The Brook brings the era to life, and fans of hip-hop and Biggie Smalls will be able to experience the borough’s roots of his music, watch virtual concerts, travel through and interact with the virtual environment, buy virtual real estate, and even purchase B.I.G. collector NFTs. These might take the representation of digital cassette tapes (remember those?) of Biggie’s songs or one-of-a-kind studio outtakes. The underlying code creating the objects in the metaverse ensures their uniqueness and that they can’t be copied, thus reducing their value.
Beyond The Brook, Finnish companies like Rens Originals are pushing the boundaries of online shopping. In the “real world,” Rens makes sustainable, cool fashions like sneakers and hoodies out of 100 percent recycled coffee and plastics. But in the metaverse, they’ve just introduced an NFT Hoodie, free with the purchase of one of their hoodies. They’re only making 2,022 of the digital hoodies, but once you’ve bought one, it’s yours to keep, sell, or do whatever you want with it in several digital worlds. The idea is that your virtual representation would rock the NFT hoodie and be the envy of your virtual friends.
Still other Finnish innovators are working to make the virtual world more real.
Port6, another Helsinki-based tech company, is developing a set of sensors worn on the wrist and fingers to provide a sense of touch and manipulation when you’re in the metaverse. Immersal has created an iPhone app that uses the phone’s 3D cameras to map a physical space, such as a factory floor or your living room, and then make it available as a digital space to the metaverse. Meanwhile, Dispelix, based in Oulu, Finland, is making stylish, high-tech displays that can fit in eyeglasses frames to enjoy augmented reality layered over your daily activities without drawing attention to your new superpowers.
The Finnish representation of metaverse companies in SXSW 2022 stressed that metaverse is not just for entertainment and digital business. It is also a place where manufacturing companies can interact with equipment in place at their customers' facility for maintenance detection via digital twins, IoT and 5G companies can test out site installations at their private industrial customers' sites, or vessel and air pilot training can happen without disturbing real-life surroundings. Examples of Finnish companies in this space include Haltian, Kone, Wartsila, and Nokia.

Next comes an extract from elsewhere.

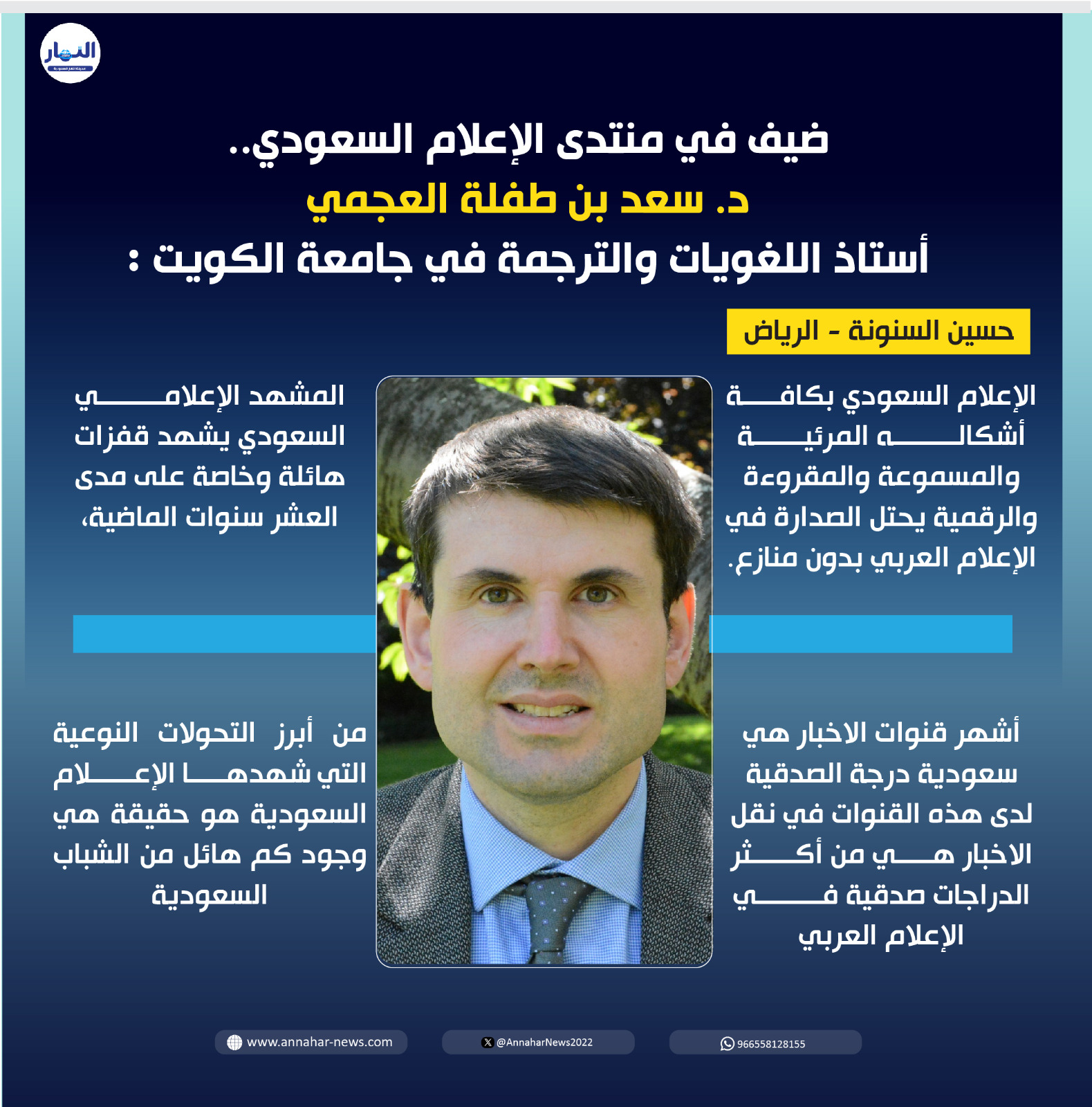 يقول المحلل الاستراتيجي د. جيفري ميلر واحد المتحدثين في منتدى السعودي للإعلام "لصحيفة النهار" بصفتي محللاً جيوسياسياً واستراتيجياً من نيوزيلندا، متخصصاً في منطقة الخليج، فقد تابعتُ عن كثب تطور مبادرات الإعلام السعودي، لا سيما في سياق تداخلها مع رؤية 2030 الرامية إلى التنويع والانخراط العالمي.

Digital and virtual products and services are in the focus with the recent Finland-Colorado Memorandum of Understanding, where Colorado companies and universities in advanced high-tech fields collaborate with Finnish counterparts on aerospace, high performance computing including quantum technologies, and green and sustainable technologies. Colorado based organizations such as NREL, CU Boulder, the Colorado Space Coalition, and Colorado Cleantech Industry Association along with their member companies embrace the possibilities digitalization brings to the local economy.
Finnish companies are at the forefront of developing technologies that will shape the future of the Internet and the metaverse. They are innovators in virtual reality, hardware and software, and NFTs and are working to make the virtual world more realistic and interactive. As we enter a new era of digital living, Finnish companies are helping make it as welcoming and fascinating as the world around us. If you want to enter the metaverse, Finland and its technology industry can lead the way.